Tomato and Coconut Soup with Fish Dumplings
A comforting soup that warms the heart and belly. This nourishing soup is a complete meal in a bowl.
3 T peanut oil
5 cloves garlic, finely chopped
3 T ginger, finely grated or chopped
1 onion, finely chopped
1 cinnamon quill
1 tsp ground turmeric
2 mild red chillies, finely sliced
1 tsp natural sugar, or honey
400 g tin tomatoes, pureed or mashed
400 ml coconut cream
1 c cooked long grain rice
3 T lime juice
Small handful coriander (cilantro) leaves to garnish
400 g white fleshed fish
1 egg white
1 tsp cumin seeds
1 tsp finely chopped ginger
½ c coriander (cilantro) leaves and stalks
½ tsp salt
1) Put all the dumpling ingredients in the food processor and whiz until smooth. Set aside.
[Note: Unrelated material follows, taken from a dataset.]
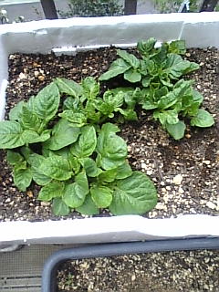 だいぶジャガイモの葉が大きくなって、わさわさとしてきました。そろそろ、芽かきをしないとダメかな?チューリップは少し伸びては、いるけれどまだまだ蕾がありません。

2) Now make the soup. Heat oil on low heat and gently sauté the ingredients up to and including sugar until soft.
3) Add tomato, coconut cream and rice. Bring to a boil.
5) Add tablespoon sized spoonfuls of dumpling mix and simmer for five minutes until dumplings are just cooked.
6) Add lime juice and season to taste with sea salt. Serve in individual bowls, garnished with coriander.